Il n’empêche : le monde continue de produire quotidiennement son lot de malheurs et de détresses. La multiplication des réfugiés en est la preuve criante, eux qui – il ne faudrait jamais l’oublier – ont dû tout quitter pour tenter simplement de survivre en terre étrangère. Imagine-t’on le traumatisme que cela représente dans une vie d’homme ? Ce phénomène – qu’il faut distinguer de la simple émigration – n’est pas nouveau : que l’on songe, notamment, aux « boat people » vietnamiens dans les années 70. Ce qui est nouveau, c’est le degré de rejet et d’insensibilité qui l’accompagne dans notre pays.  Dans les visages haves de ces déracinés, nous ne voyons plus que le masque de l’envahisseur et non cet alter ego plus malchanceux. Si l’égalité et la liberté ont depuis longtemps façonné nos moeurs, qu’en est-il de la fraternité, troisième valeur de notre belle devise nationale? De temps en temps, un drame un peu plus terrible que les autres défraie l’actualité, nous force à voir la réalité géopolitique dans toute sa cruauté. La semaine dernière, ce fut le naufrage d’une embarcation emportant cinq cents Africains – Ethiopiens et Erythréens pour la plupart – au large des côtes de la Sicile.

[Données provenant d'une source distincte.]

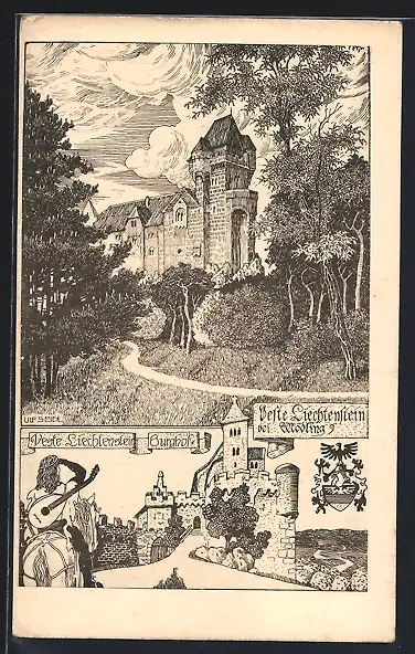 Künstler-AK Ulf Seidl: Liechtenstein bei Mödling, Veste Liechtenstein, Burghof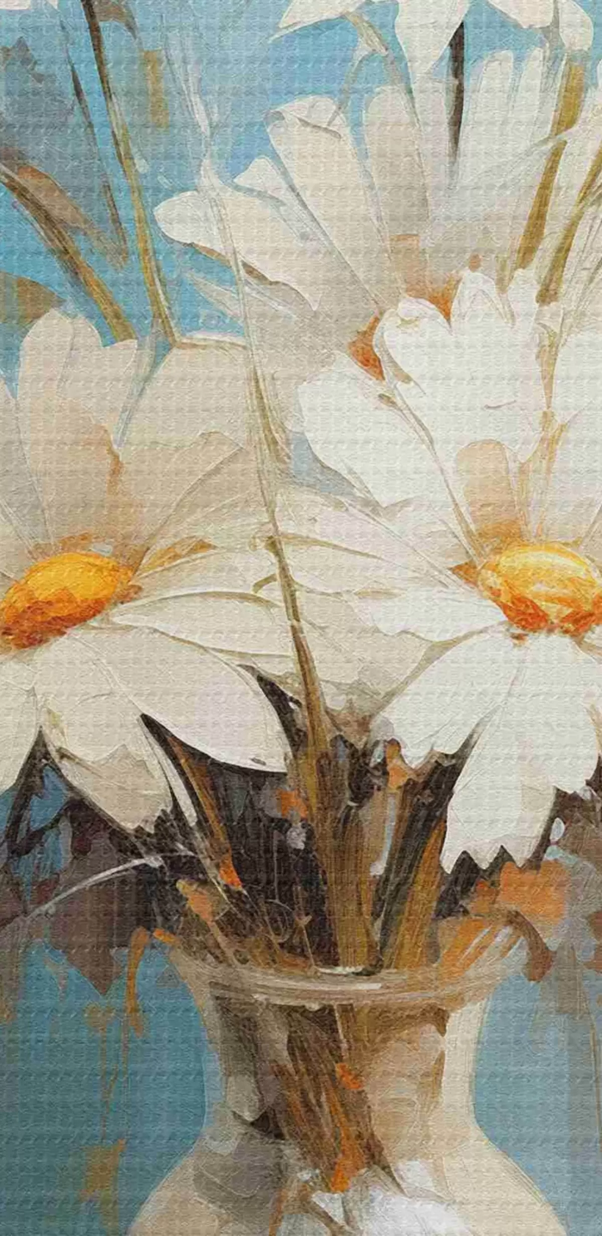 Smalkais diegu pinums uz šī audekla atgādina profesionālu mākslinieku audeklu virsmu.
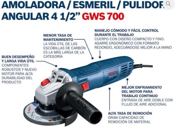 El Esmeril Bosch GWS 700 tiene 710W de potencia y es una herramienta liviana, con bajo costo de mantenimiento, ya que su motor tiene una larga vida útil de las escobillas de carbón. Su diseño es optimizado y tiene una empuñadura ergonómica. El Esmeril Bosch GWS 700 tiene entradas de aire redobladas para una mejor refrigeración de la máquina.

Environ deux cents d’entre eux – peut-être davantage maintenant – ont péri dans les flots méditerranéens ; sans que cela dissuade d’autres désespérés de tenter l’aventure vers l’envoutante Europe, à commencer par les Syriens ruinés par deux ans et demi de guerre civile. Face à cela, l’UE se mobilise, certes, met en place une nouvelle conférence humanitaire, mais sans parvenir à fédérer sur cette question douloureuse ses vingt-huit états membres. Quant à la France, si décidée, le mois dernier, à une action militaire contre le régime de Bachar El Assad, elle est beaucoup plus tiède à accorder le droit d’asile aux victimes civiles du dictateur syrien. En 2012, elle a ainsi accueilli 627 d’entre elles, c'est-à-dire moins que le petit  Danemark (770) et à peine un peu plus que la minuscule Chypre (564). C’est un peu juste pour un pays qui est quand même la deuxième économie européenne.

Qu’on l’admette ou non, il faudra bien que l’UE se préoccupe davantage du sort des réfugiés extra-européens ; il faudra bien qu’elle crée davantage de structures d’accueil si elle ne veut pas être débordée par ce phénomène, au cours des prochaines décennies. Car, selon nos meilleurs démographes, ce sont plus de deux cents millions de migrants – d’Afrique mais surtout d’Asie – qui pourraient bien déferler vers nos frontières, chassés par d’ inéluctables  bouleversements climatiques. A moins de renier tous nos principes et de leur livrer une guerre ouverte, nous devrons alors réapprendre à les regarder comme des hommes et les intégrer à notre destin commun.